While Herman sometimes seem quick to blame herself for her daughter’s illness, she is careful not to point the finger too directly at her mother (married at 19) or her grandmother (married at 15), who were, Herman speculates, not old enough to raise children but had them anyway and had to find their own ways to cope. But I was perplexed by the absence of her discussion of her husband Glen’s presence in her life and Grace’s childhood. Although Glen is an artist who Herman says is likely to disappear into his studio for hours at a time (perhaps abdicating his responsibility?), surely he had thoughts, ideas, and opinions about Grace’s refusal to eat as an infant, about Grace’s odd behavior at age six. The reader isn’t let in on any of these. And, when Herman reports about the success of her struggles to separate from Grace in healthy ways, I wanted to hear about how and if Glen supported both his wife and his daughter as they reinvented their relationship. By leaving out any fatherly influence, Herman takes the burden of her daughter’s difficulties on herself as a mother, and seems to let Glen — and fathers in general — off the hook.

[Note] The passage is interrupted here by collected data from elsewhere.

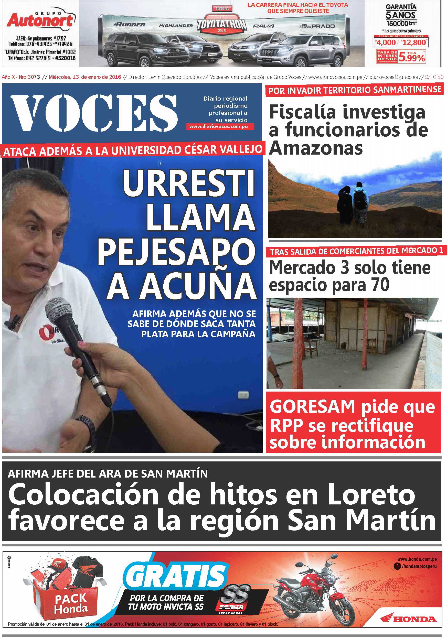 Portada del Miércoles 13 de enero del 2016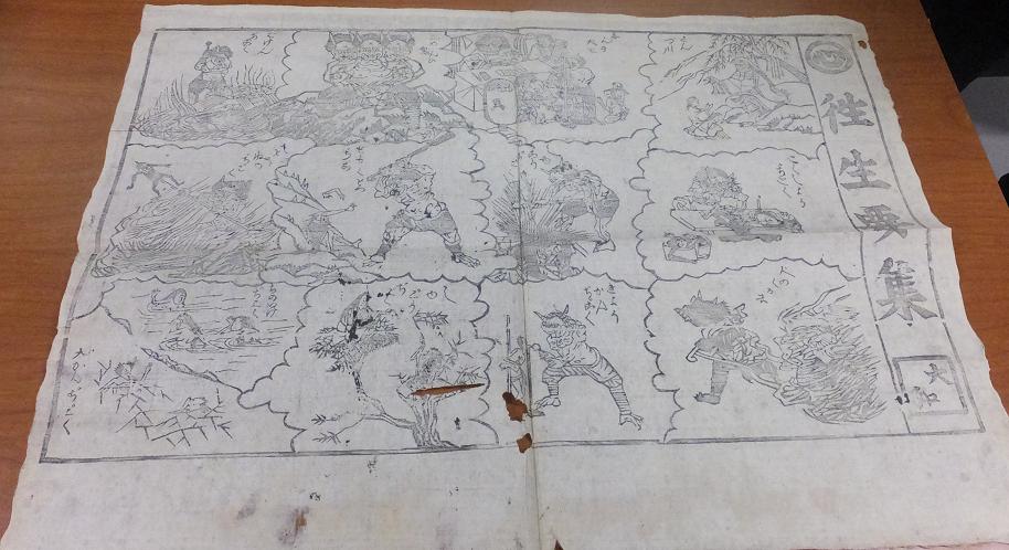 先生が持ってきた往生要集の地獄絵の部分。原本らしいです。 写本の原本かな?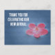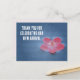 Tacka era gäster hem med personligt tackkort med en rosa blomma och blått vatten. Anpassa enkelt och snabbt all text för din speciella fest. Baksidan har en enfärgad yta med gott om utrymme för ytterligare text eller foton.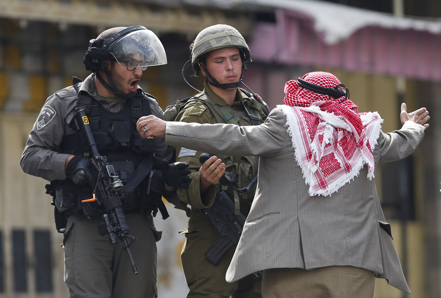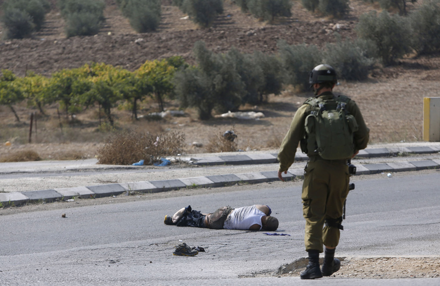 An Israeli soldier shoots and kills a Palestinian holding a knife after he stabbed another Israeli soldier, seen kneeling, during clashes in Hebron, West Bank, on October 16, 2015. The Palestinian man, wearing a yellow “press” vest and a T-shirt identifying him as journalist, stabbed and wounded an Israeli soldier before being shot dead by troops, the latest in a monthlong spate of attacks.Nasser Shiyoukhi / AP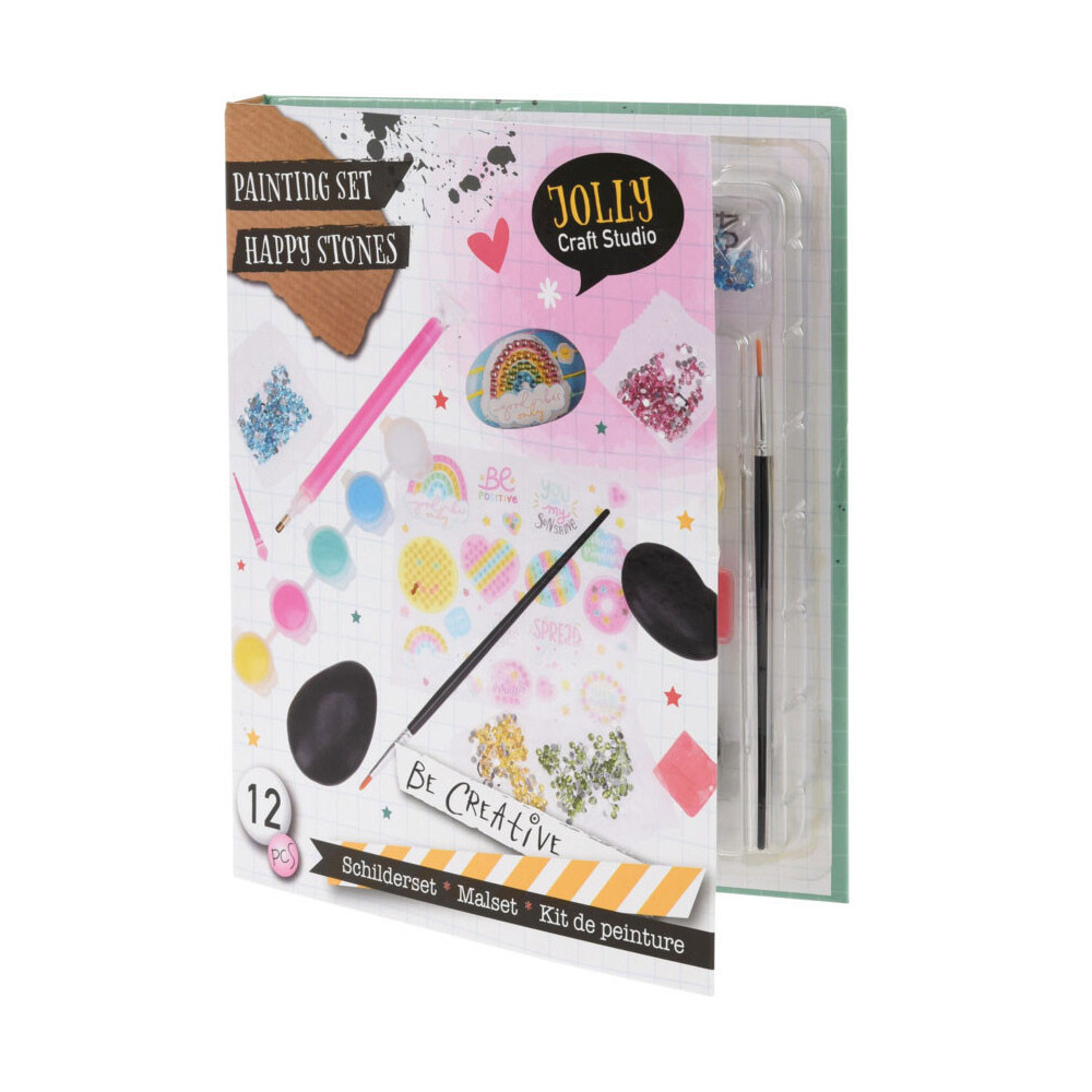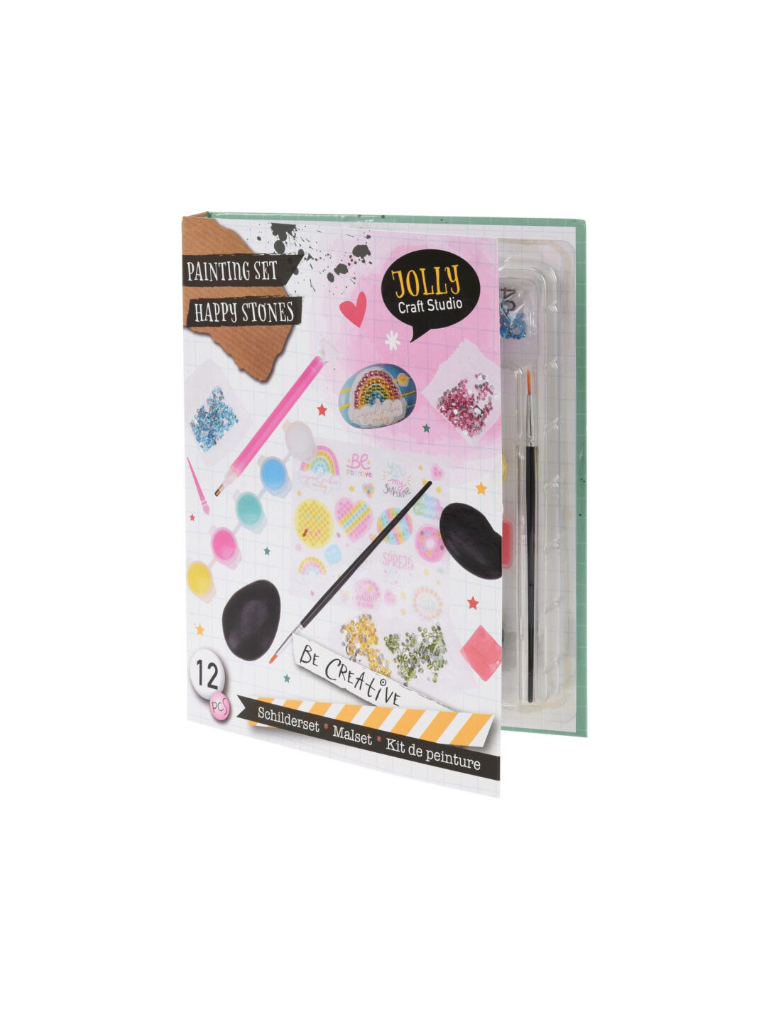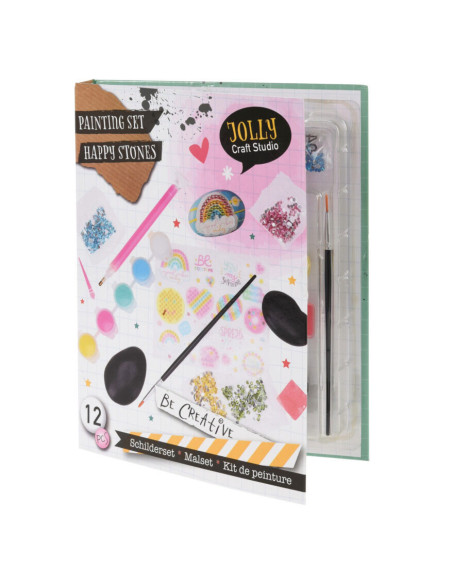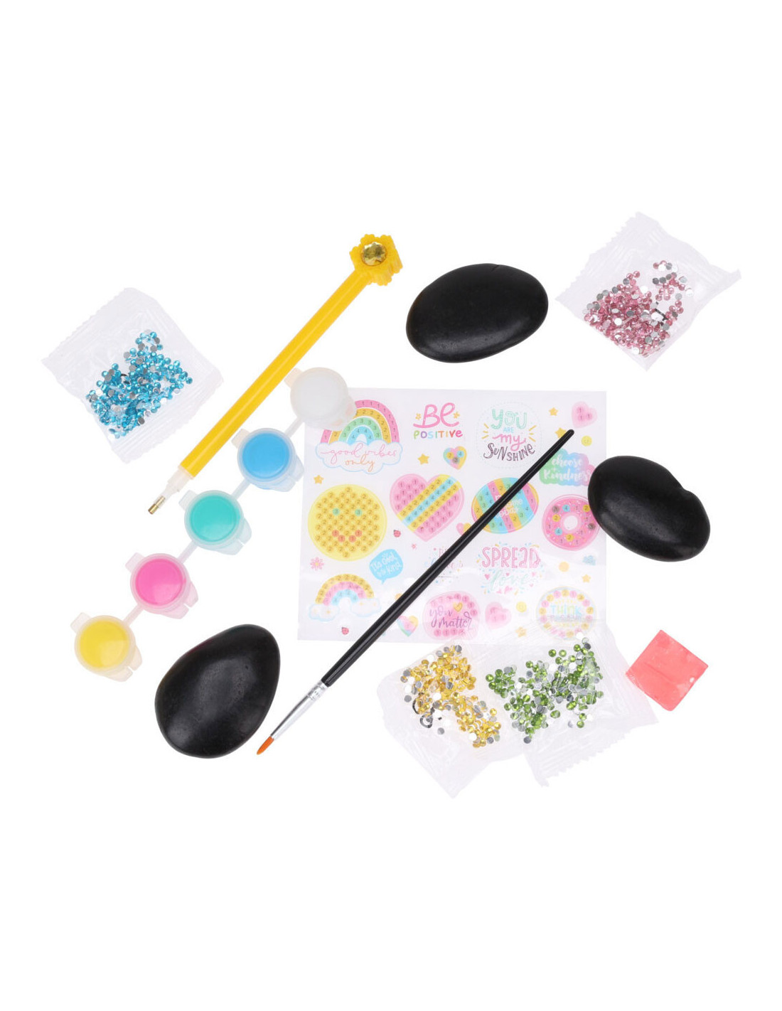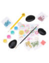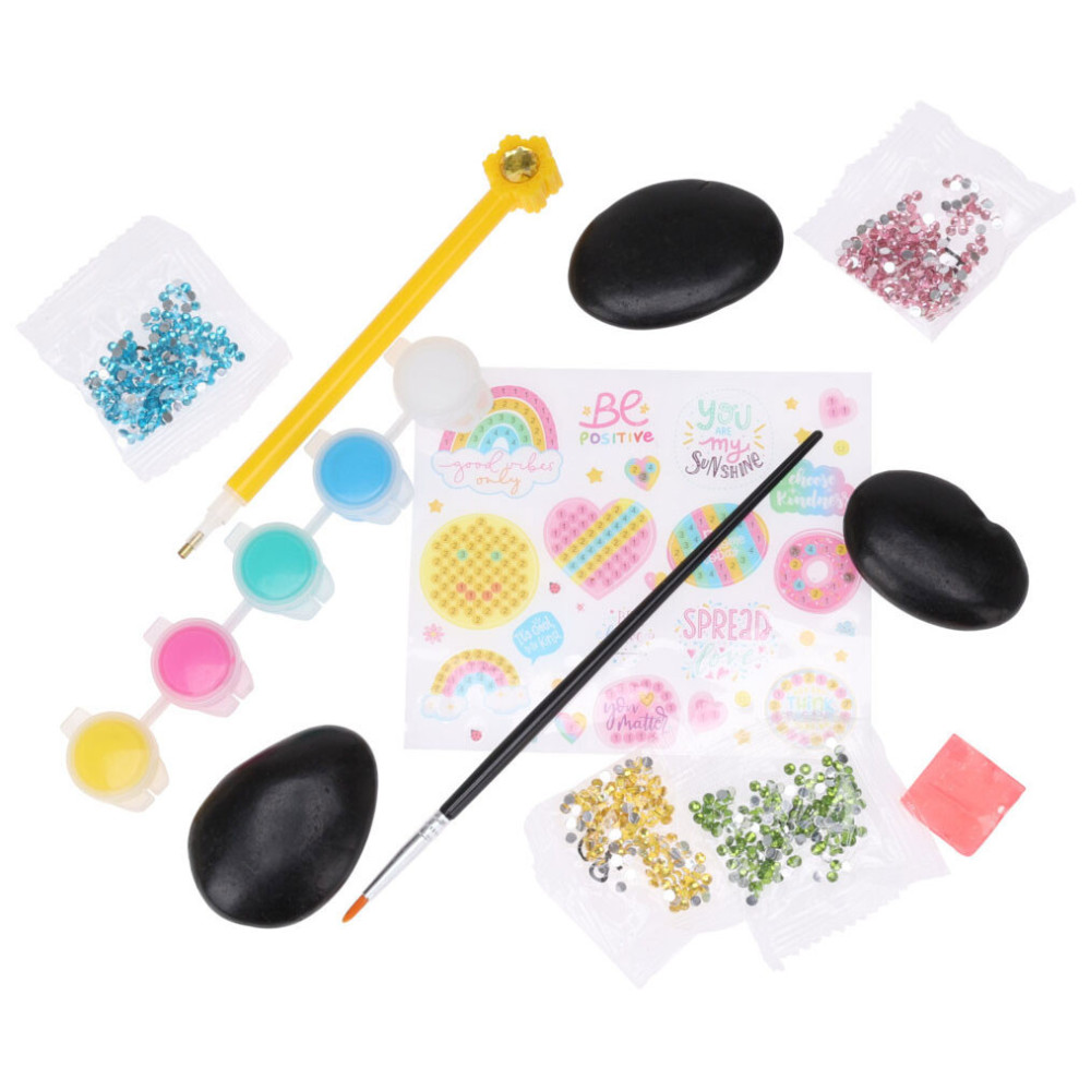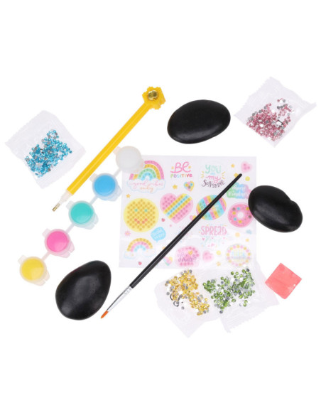 12-delige knutselset voor het versieren van stenen. Inclusief 3 stenen, 5 kleuren verf, penseel en diamond painting-benodigdheden. Adviesleeftijd: 5+

Herman finishes her memoir by musing about the complicated truths of motherhood. She uses her experience as a mother who wanted to do everything perfectly, and ironically ended up with a “very sick little girl” on her hands, to conclude that good mothering cannot be boiled down to anything — in fact, she says, it can’t be boiled down at all. This conclusion — and this book as a whole — is a welcome antidote to the recent books that attempt to describe, diagnose, and prescribe a cure for the “curse” of modern motherhood. Herman affirms my own complicated emotions about being a mother by using a number of metaphors. My favorite one describes being a mother as “an elaborate meal, one course after another, cookbooks open everywhere, pots boiling over, the kitchen a mess” (213). We may start with a recipe, but then we quickly learn to improvise, feeding our families and feeding ourselves as best with can with the ingredients we have on hand.